Home | Topik Makan | Arsip Artikel
 
Seperti Makanan Apakah Cinta Anda?
Topik Makan | Posted Feb 14, 2008 06:06 AM Damayantri Permata

Total Rating page ini : 0/5 Stars.
  • Currently 0/5 Stars.
  • 1
  • 2
  • 3
  • 4
  • 5


Valentine's couple by corbis image
Gambar Lainnya
Valentine's couple
 
Cinta dan makanan adalah dua hal yang berbeda, namun bisa jadi sangat erat kaitannya. Beberapa judul film terkenal malah menggunakan kedua hal ini sebagai tema utamanya. Di antara film-film tersebut adalah “Like Water For Chocolate” (1993), “Chocolat” (2000), “Woman On Top” (2001), dan “No Reservation” (2007).

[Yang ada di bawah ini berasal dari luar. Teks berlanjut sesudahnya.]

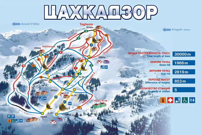 Цахкадзор — самый известный и крупный в Армении горнолыжный курорт, расположенный на живописных склонах горы Тегенис. Верхняя точка катания — 2819 м, откуда открывается потрясающий вид одновременно на гору Арарат и озеро Севан. Для горнолыжников, сноубордистов, любителей беговых лыж и спортивного ориентирования здесь созданы все возможности для занятия любимыми видами спорта. Сезон в Цахкадзоре начинается с середины декабря и длится до конца марта.

Selain film, kadang makanan pun menjadi hal yang esensial dalam sebuah hubungan. Kadar cinta dapat bertambah karena makanan. Misalnya, banyak yang bilang kalau seorang suami akan semakin cinta dan sayang jika istrinya bisa memasak. Apalagi jika masakannya lezat. Makanan juga kerap jadi lambang penghargaan dalam hubungan yang menjurus ke arah percintaan. Seorang kerabat bercerita pada zaman ia masih kuliah dulu, seorang pelajar pria yang menjadi idola di kampusnya selalu mendapat kiriman makanan, biasanya kue atau pudding, dari para ‘pemuja’nya yang bisa jadi merupakan ‘ajakan’ untuk membina hubungan yang serius.

Suatu ketika, saya membaca posting seorang teman di sebuah blog, ia mengibaratkan cinta layaknya makanan. Mau seperti apa rasanya, tetap kita butuhkan. Sama halnya dengan butuh cinta sebagai energi hidup. Jika terlalu banyak makan atau makan terburu-buru, kita bisa kesulitan bernafas. Sama saja dengan memilih cinta, tidak boleh buru-buru kalau tidak ingin ‘tersedak’. Jadi ibarat memilih makanan, sama halnya pula dengan jatuh cinta: Jangan dimakan dulu kalau tidak yakin dengan selera kita!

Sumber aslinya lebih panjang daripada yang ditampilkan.